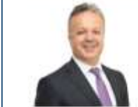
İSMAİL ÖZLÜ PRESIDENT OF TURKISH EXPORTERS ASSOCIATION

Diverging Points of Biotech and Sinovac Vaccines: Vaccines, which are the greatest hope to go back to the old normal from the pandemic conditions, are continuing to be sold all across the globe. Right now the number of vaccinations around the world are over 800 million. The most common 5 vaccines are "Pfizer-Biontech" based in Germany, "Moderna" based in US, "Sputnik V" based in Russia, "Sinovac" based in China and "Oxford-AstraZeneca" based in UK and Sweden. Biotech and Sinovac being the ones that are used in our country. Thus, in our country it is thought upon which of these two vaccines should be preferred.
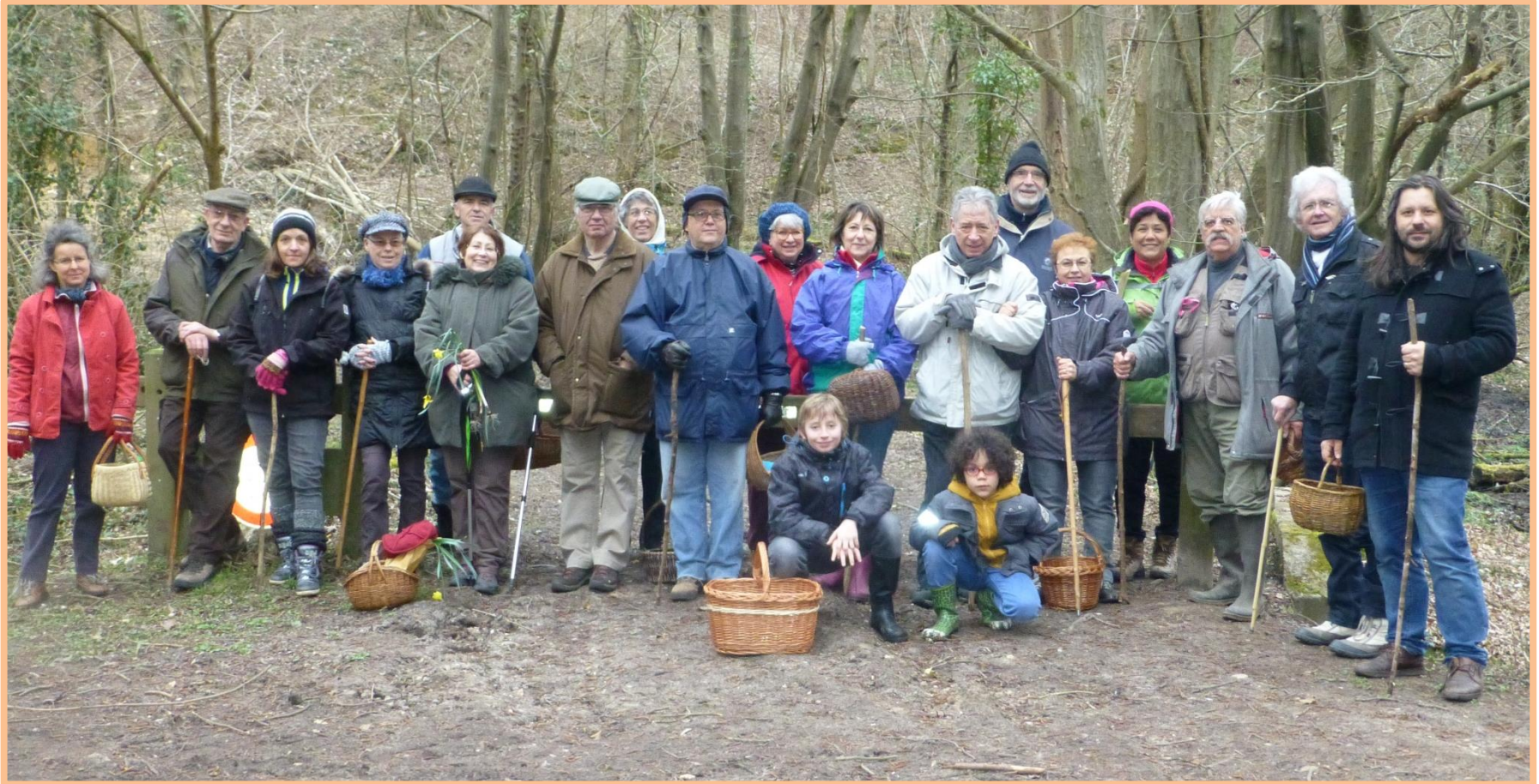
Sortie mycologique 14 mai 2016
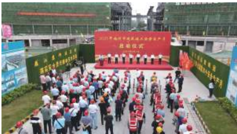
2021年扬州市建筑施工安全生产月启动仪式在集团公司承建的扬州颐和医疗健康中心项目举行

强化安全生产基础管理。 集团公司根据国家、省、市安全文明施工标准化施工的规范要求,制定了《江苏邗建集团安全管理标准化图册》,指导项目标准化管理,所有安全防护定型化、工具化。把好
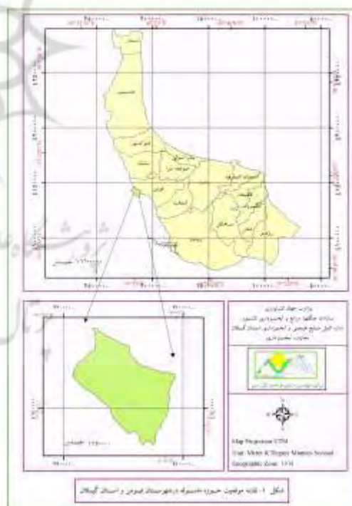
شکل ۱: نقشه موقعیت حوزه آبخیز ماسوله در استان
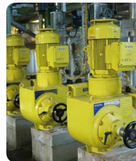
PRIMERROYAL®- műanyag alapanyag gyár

────────────────

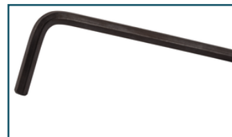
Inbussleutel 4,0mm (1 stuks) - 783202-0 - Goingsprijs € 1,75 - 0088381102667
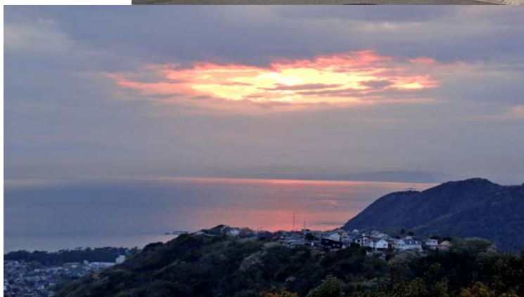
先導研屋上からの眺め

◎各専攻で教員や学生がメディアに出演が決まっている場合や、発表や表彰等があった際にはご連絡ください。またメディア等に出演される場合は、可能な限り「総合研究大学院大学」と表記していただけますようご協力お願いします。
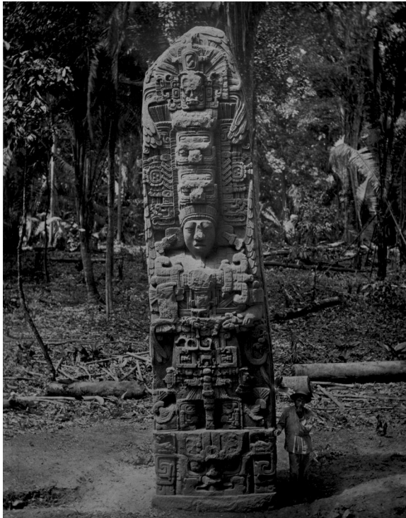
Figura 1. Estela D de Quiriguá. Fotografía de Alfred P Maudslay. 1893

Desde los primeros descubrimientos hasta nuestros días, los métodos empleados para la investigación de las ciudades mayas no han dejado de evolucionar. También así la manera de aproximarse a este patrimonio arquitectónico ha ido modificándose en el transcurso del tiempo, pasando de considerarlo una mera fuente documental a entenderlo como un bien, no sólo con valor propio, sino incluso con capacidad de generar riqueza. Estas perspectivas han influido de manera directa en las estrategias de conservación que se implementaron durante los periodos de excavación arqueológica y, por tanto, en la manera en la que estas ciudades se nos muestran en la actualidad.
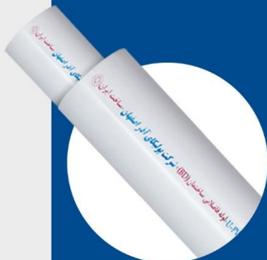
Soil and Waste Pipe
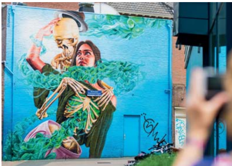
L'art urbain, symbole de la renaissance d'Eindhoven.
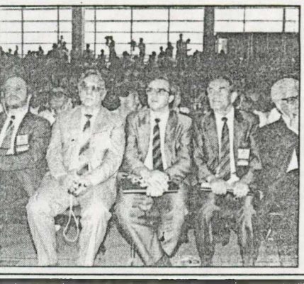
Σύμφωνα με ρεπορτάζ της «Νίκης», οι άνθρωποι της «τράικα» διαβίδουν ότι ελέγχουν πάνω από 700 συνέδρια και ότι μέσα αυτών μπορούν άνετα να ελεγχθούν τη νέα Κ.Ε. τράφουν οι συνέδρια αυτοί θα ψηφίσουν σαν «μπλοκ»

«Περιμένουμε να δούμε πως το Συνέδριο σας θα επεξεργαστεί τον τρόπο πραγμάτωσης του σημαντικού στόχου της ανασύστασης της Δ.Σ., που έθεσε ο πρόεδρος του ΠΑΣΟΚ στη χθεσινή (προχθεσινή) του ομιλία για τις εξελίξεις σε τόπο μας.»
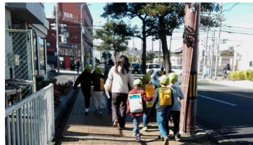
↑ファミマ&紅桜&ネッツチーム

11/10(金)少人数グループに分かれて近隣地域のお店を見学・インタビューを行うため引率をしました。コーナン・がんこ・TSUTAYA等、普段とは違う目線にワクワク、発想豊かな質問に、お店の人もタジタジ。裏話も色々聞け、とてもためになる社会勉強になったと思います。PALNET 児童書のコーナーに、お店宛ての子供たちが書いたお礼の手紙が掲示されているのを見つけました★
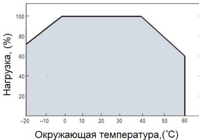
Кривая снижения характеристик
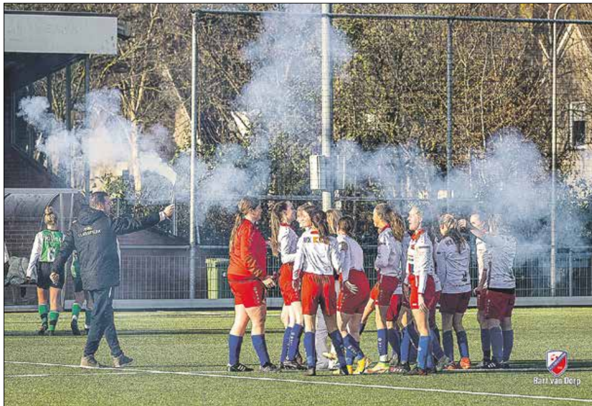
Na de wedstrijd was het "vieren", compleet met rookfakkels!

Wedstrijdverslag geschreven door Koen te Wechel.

────────────────

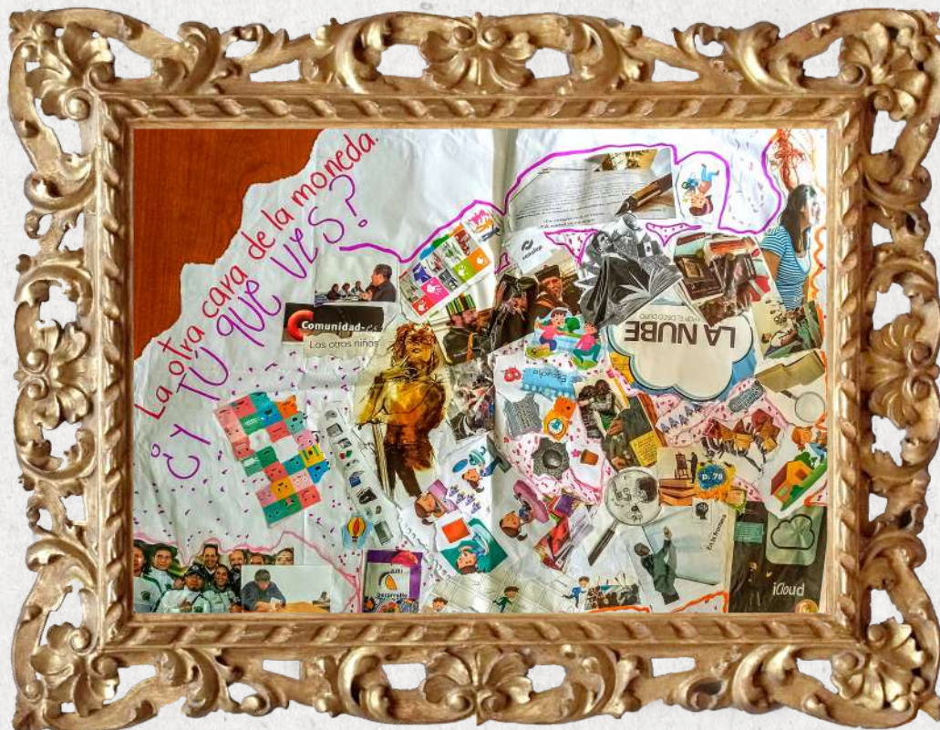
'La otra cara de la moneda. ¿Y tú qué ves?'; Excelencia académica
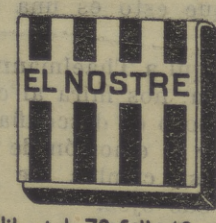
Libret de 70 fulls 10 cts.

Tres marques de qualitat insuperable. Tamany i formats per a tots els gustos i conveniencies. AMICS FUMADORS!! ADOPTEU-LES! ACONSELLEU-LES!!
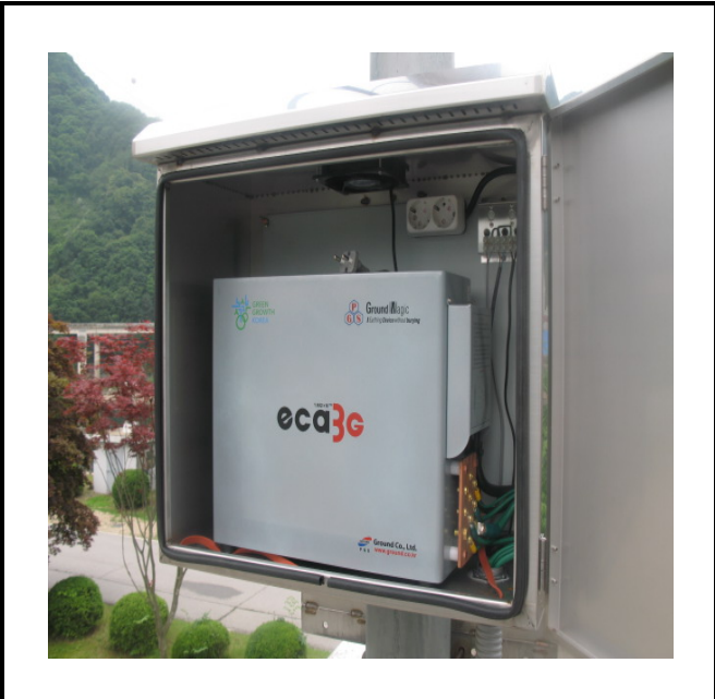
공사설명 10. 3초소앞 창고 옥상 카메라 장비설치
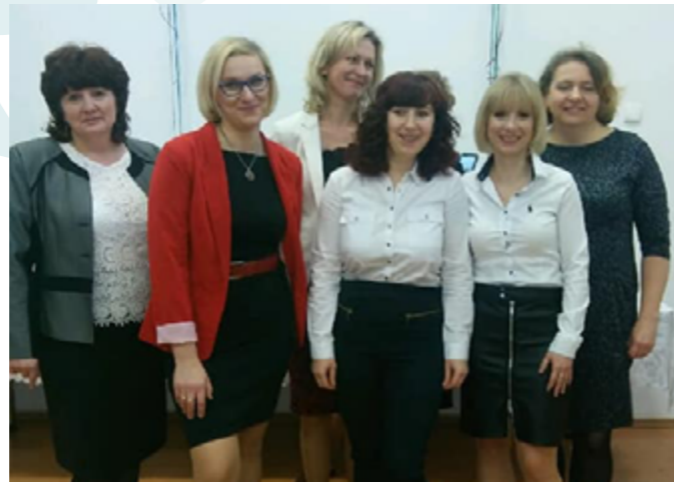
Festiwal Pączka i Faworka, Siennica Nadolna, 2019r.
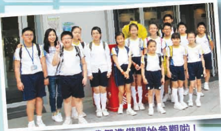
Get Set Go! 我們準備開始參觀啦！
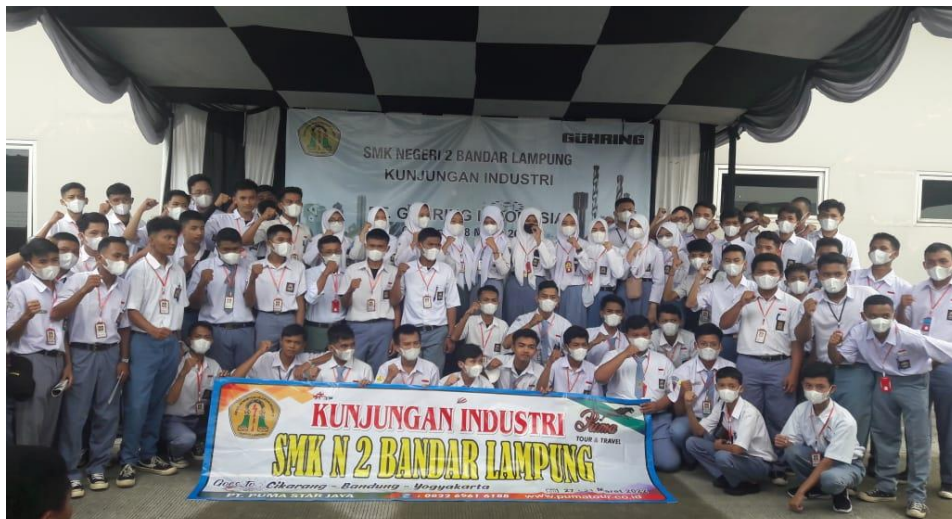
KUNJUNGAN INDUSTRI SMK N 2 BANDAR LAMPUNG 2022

────────────────

● **Action item**: Take the entries above and return only the lines from the one with "Na de wedstrijd" to the one with "Wedstrijdverslag geschreven door", both included, unchanged.

● **Answer**:
Na de wedstrijd was het "vieren", compleet met rookfakkels!

Wedstrijdverslag geschreven door Koen te Wechel.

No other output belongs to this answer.